• PROBLEM STATEMENT:
What the answer must hold is the line containing "技术面上,英镑兑美元若突破目" and all lines after it through the end of the listing, copied exactly, with pictures left out.

• MATERIAL FOR THIS EXERCISE:
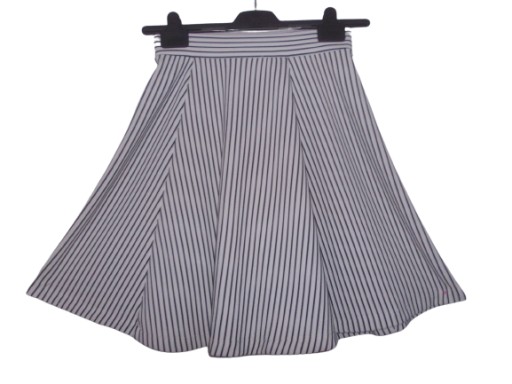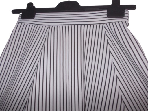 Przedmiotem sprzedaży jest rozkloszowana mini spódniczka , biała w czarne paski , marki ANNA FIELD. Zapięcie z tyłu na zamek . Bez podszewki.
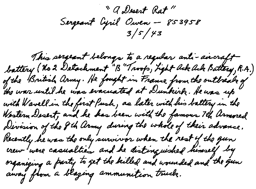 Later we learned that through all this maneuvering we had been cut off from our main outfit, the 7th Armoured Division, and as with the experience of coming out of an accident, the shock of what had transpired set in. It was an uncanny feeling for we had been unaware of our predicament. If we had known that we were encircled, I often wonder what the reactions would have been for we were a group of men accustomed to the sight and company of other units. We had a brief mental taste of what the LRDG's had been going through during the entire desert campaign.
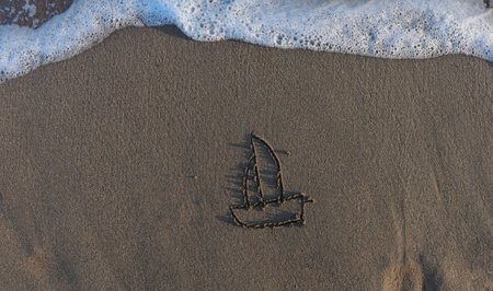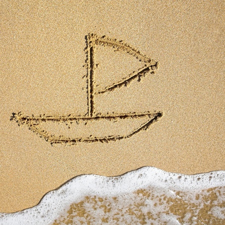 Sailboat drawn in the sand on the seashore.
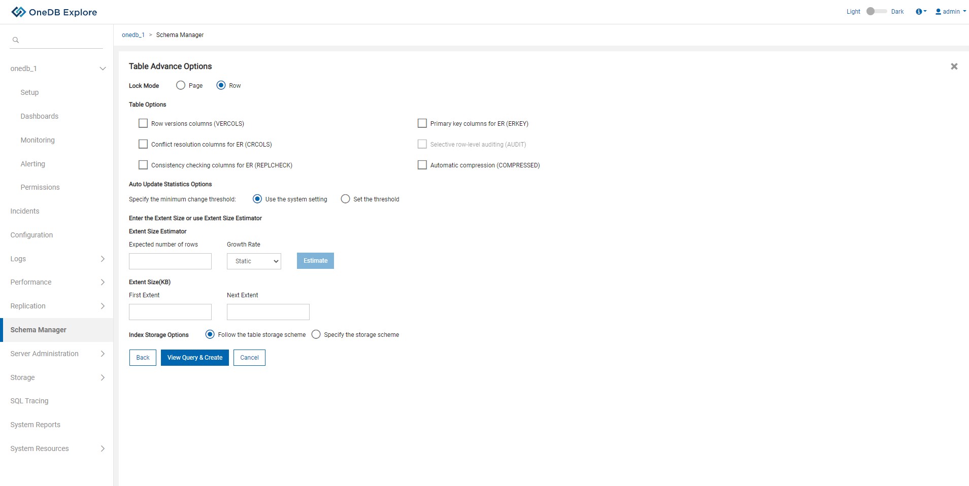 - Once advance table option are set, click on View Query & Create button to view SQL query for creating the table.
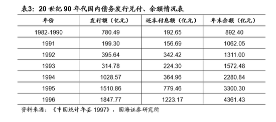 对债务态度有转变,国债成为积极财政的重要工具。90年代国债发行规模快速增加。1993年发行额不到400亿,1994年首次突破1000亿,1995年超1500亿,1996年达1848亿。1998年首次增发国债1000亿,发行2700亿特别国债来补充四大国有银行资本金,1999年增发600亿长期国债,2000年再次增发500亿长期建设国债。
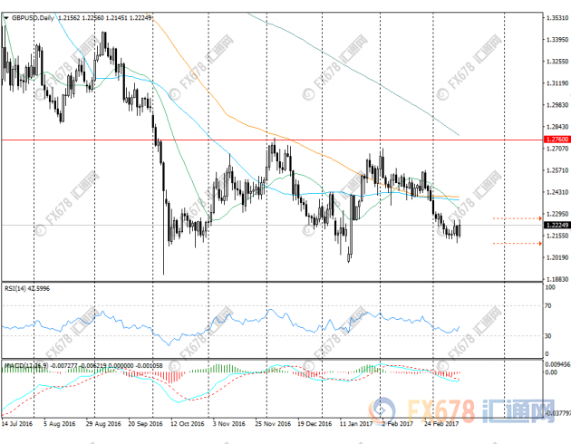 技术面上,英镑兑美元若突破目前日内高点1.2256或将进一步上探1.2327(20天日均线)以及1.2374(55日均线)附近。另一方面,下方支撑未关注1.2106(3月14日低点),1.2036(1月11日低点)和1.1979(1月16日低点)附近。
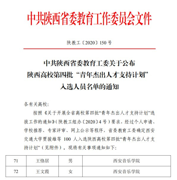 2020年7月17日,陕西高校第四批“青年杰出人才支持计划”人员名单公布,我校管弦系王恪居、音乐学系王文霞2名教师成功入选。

• RESULT OF THE TASK:
 技术面上,英镑兑美元若突破目前日内高点1.2256或将进一步上探1.2327(20天日均线)以及1.2374(55日均线)附近。另一方面,下方支撑未关注1.2106(3月14日低点),1.2036(1月11日低点)和1.1979(1月16日低点)附近。
 2020年7月17日,陕西高校第四批“青年杰出人才支持计划”人员名单公布,我校管弦系王恪居、音乐学系王文霞2名教师成功入选。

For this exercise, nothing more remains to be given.